◆ **Directions for this task**:
Below are entries with pictures among them; reproduce exactly, and only, the lines from the one containing "此役,來自拜仁的雙子星卡爾和" down to the one containing "Manifatture differenti, secolo", without the pictures.

◆ **Records provided**:
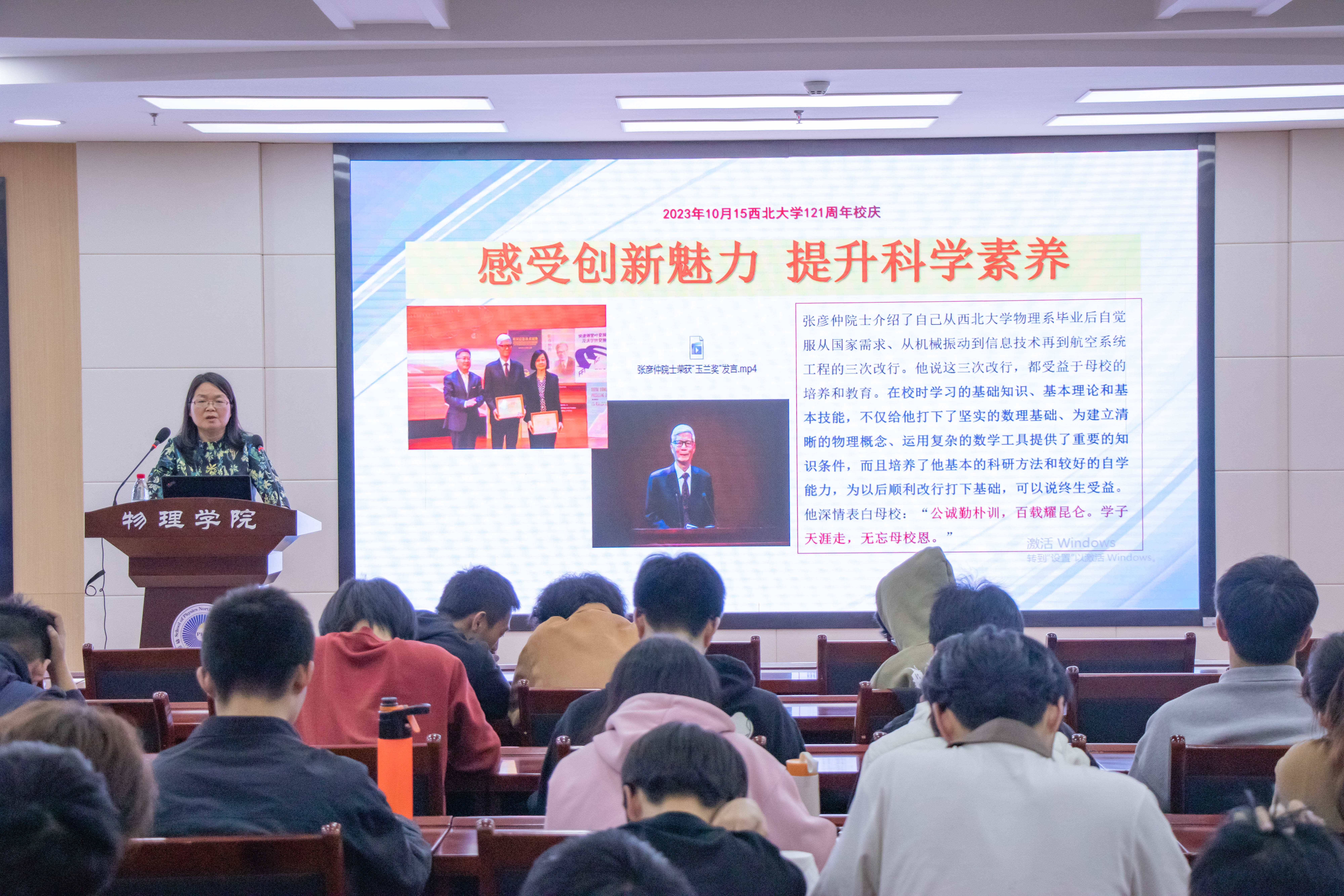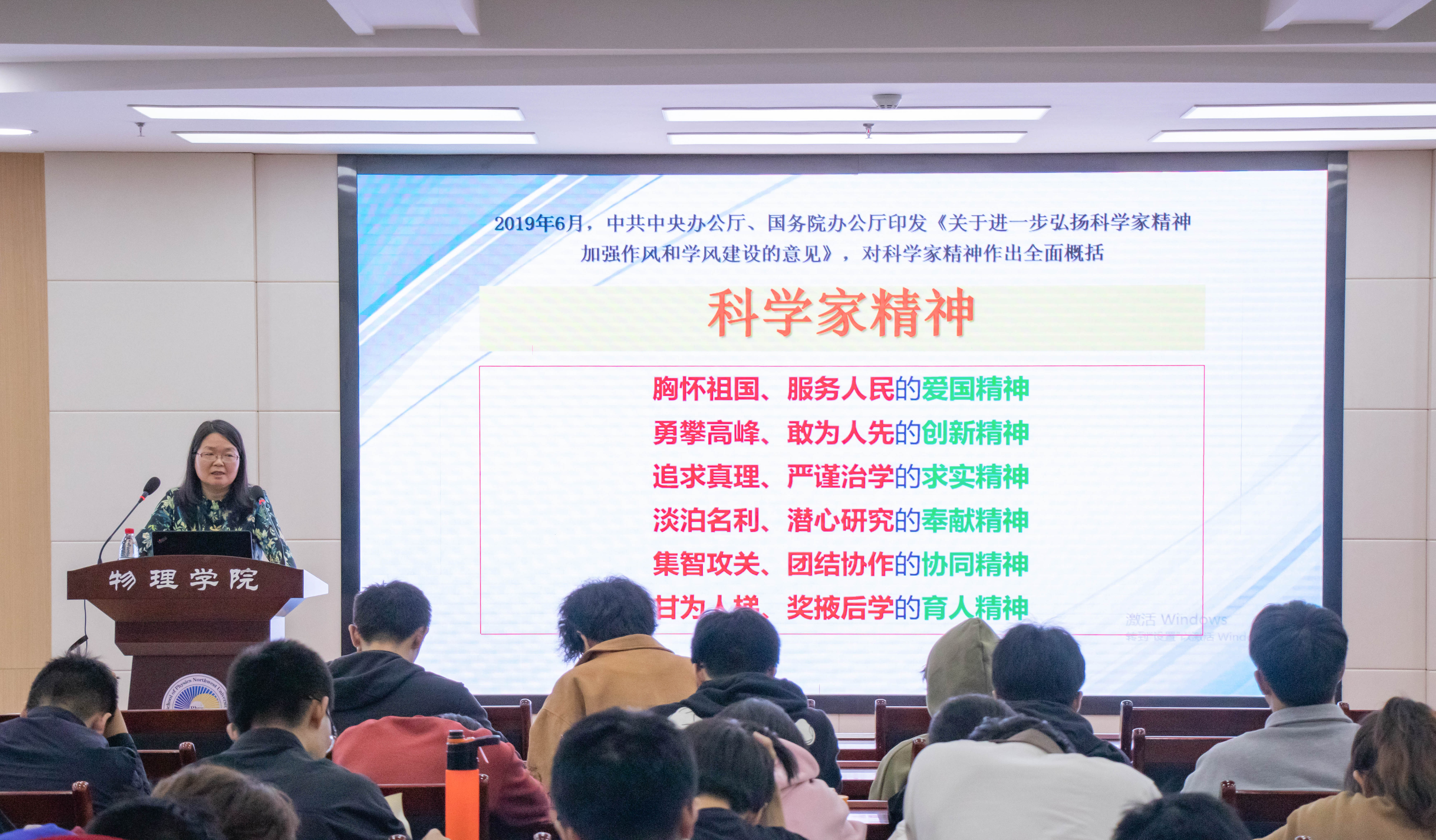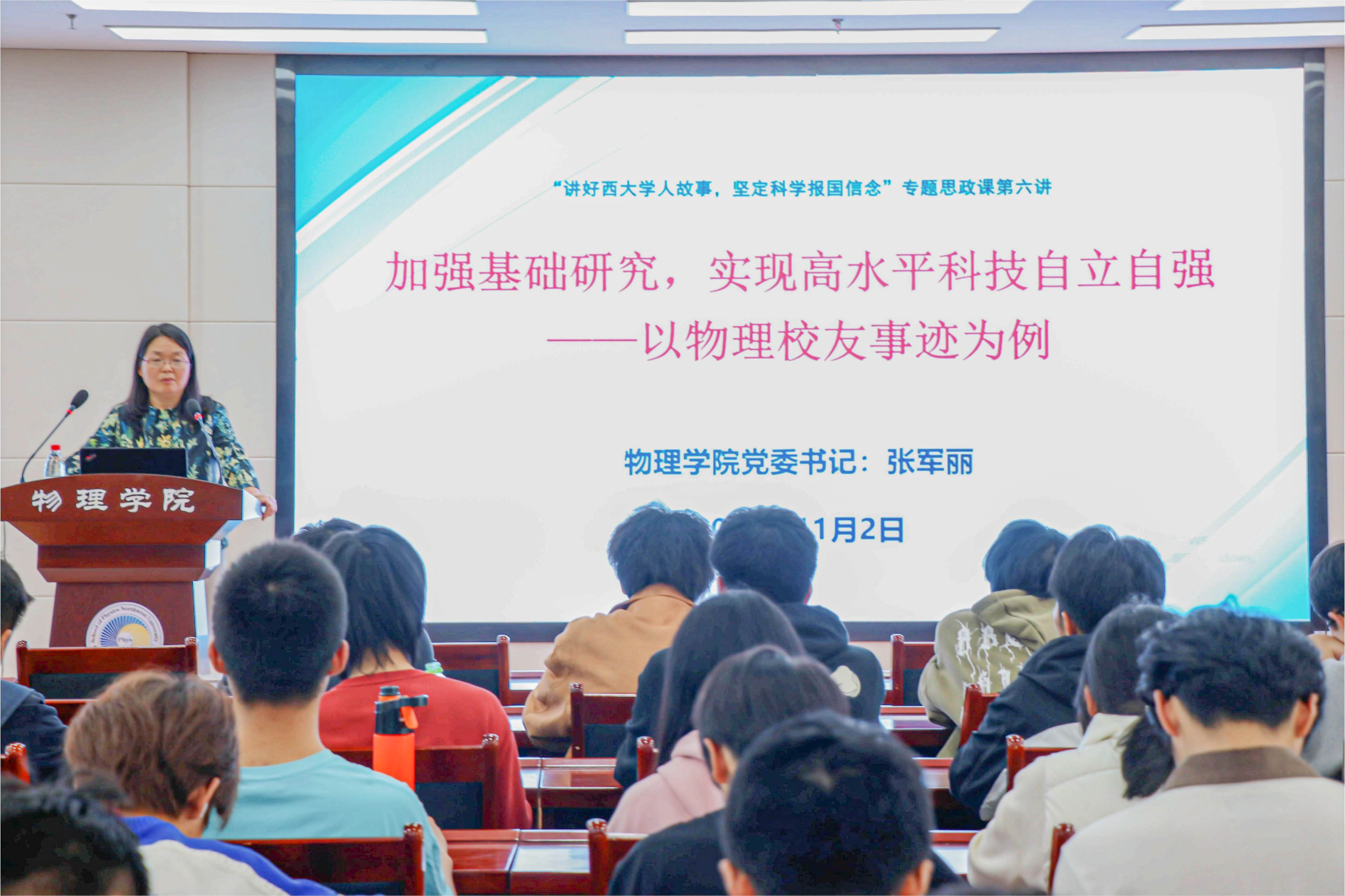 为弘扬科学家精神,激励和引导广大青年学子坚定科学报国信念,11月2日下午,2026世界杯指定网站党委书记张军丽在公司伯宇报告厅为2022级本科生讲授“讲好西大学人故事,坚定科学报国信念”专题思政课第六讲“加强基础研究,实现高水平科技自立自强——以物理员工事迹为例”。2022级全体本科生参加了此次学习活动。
* * *
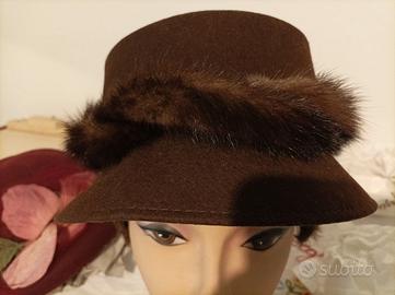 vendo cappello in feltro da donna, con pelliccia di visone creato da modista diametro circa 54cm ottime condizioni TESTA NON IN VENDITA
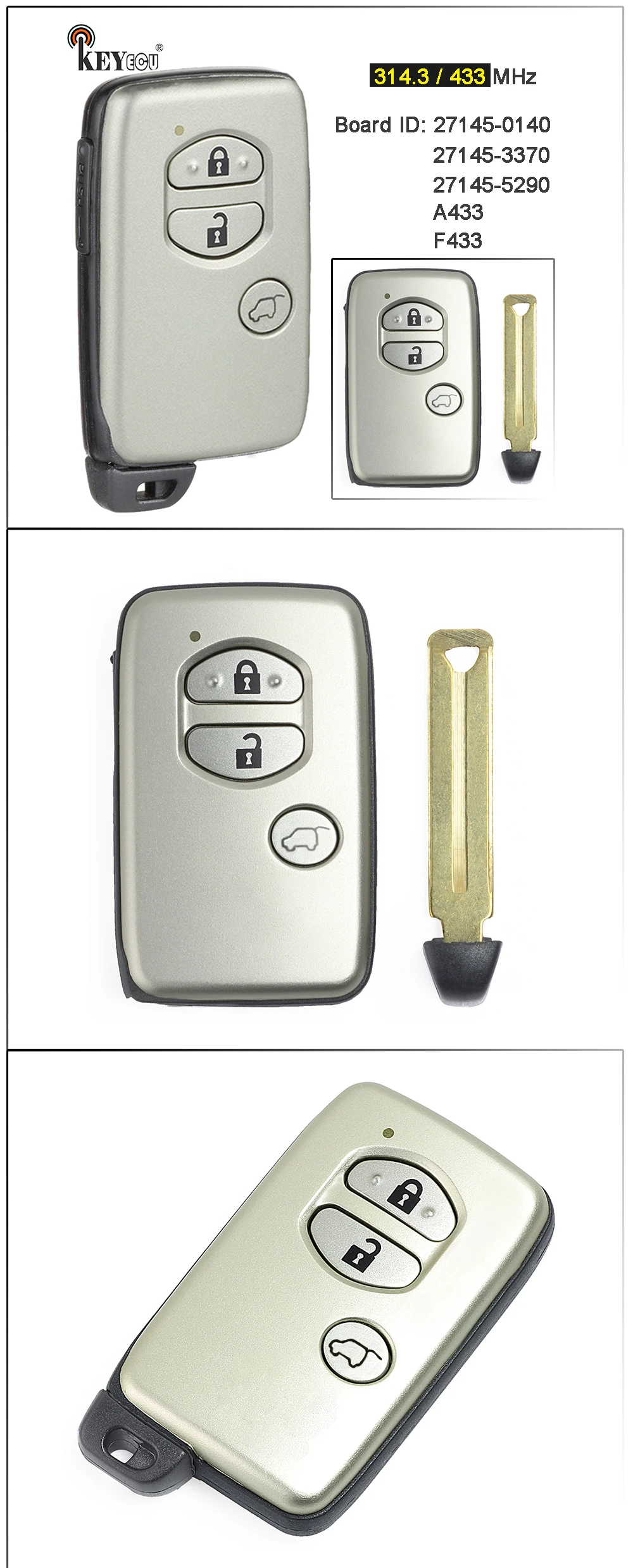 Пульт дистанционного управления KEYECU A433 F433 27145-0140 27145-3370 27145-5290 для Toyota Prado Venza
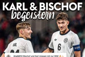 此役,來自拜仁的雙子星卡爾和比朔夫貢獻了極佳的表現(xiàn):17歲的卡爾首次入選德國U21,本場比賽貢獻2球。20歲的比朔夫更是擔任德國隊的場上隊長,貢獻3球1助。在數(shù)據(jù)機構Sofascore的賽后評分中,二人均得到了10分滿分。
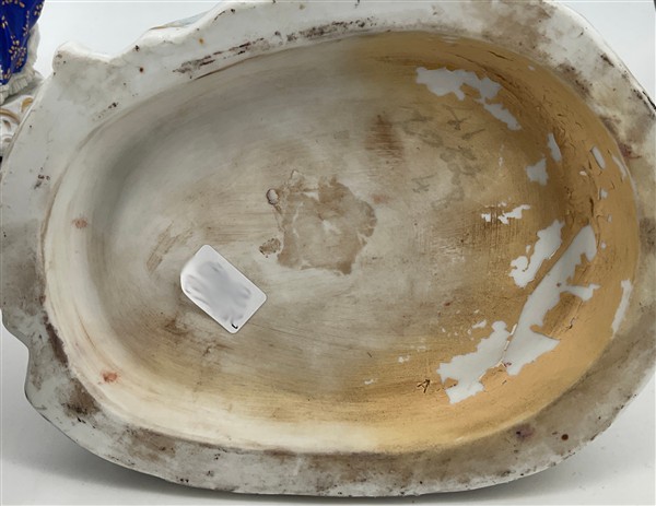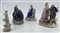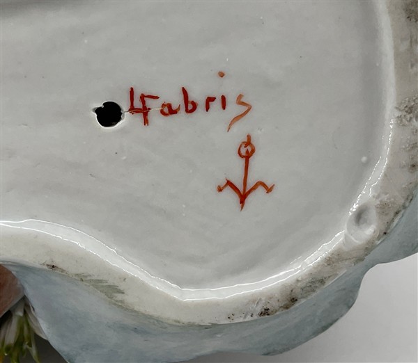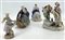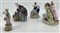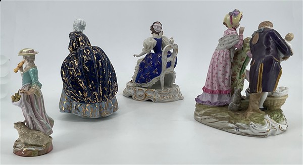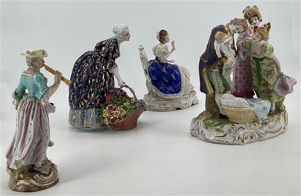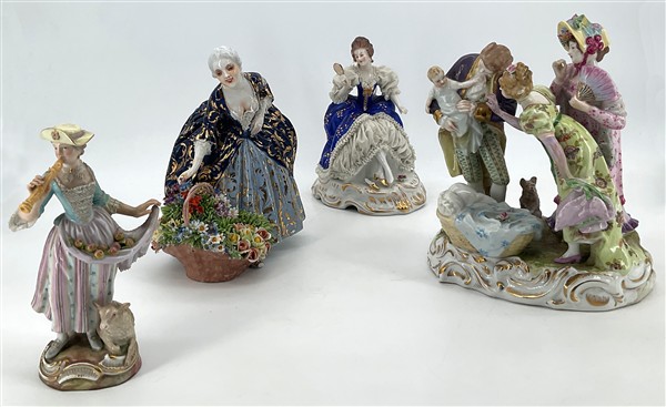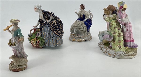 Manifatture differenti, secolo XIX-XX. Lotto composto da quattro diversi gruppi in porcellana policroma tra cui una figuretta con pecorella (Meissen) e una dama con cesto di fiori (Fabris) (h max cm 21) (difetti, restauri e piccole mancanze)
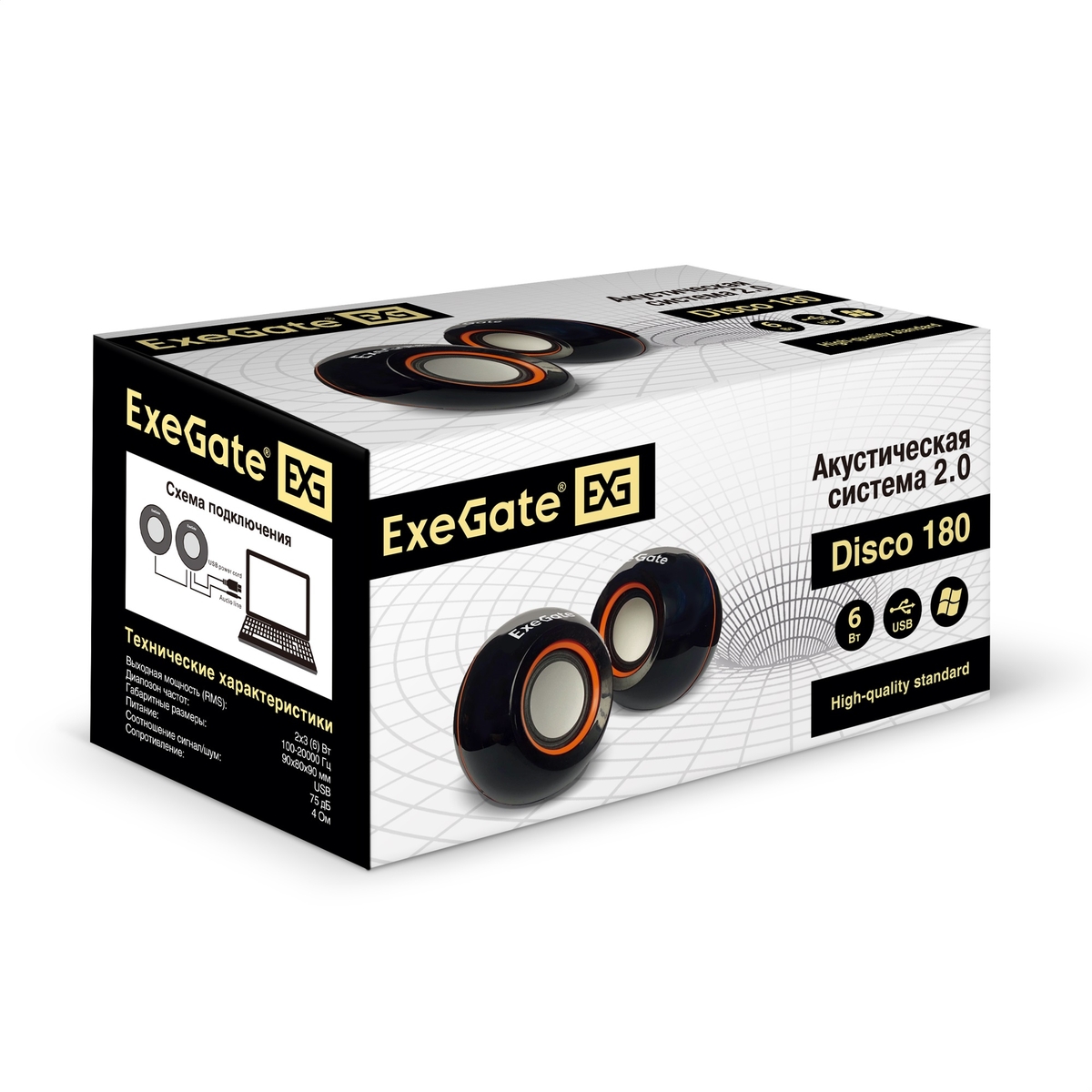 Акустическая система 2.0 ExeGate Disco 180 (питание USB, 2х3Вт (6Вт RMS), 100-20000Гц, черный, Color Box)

◆ **Solution to this problem**:
 此役,來自拜仁的雙子星卡爾和比朔夫貢獻了極佳的表現(xiàn):17歲的卡爾首次入選德國U21,本場比賽貢獻2球。20歲的比朔夫更是擔任德國隊的場上隊長,貢獻3球1助。在數(shù)據(jù)機構Sofascore的賽后評分中,二人均得到了10分滿分。
 Manifatture differenti, secolo XIX-XX. Lotto composto da quattro diversi gruppi in porcellana policroma tra cui una figuretta con pecorella (Meissen) e una dama con cesto di fiori (Fabris) (h max cm 21) (difetti, restauri e piccole mancanze)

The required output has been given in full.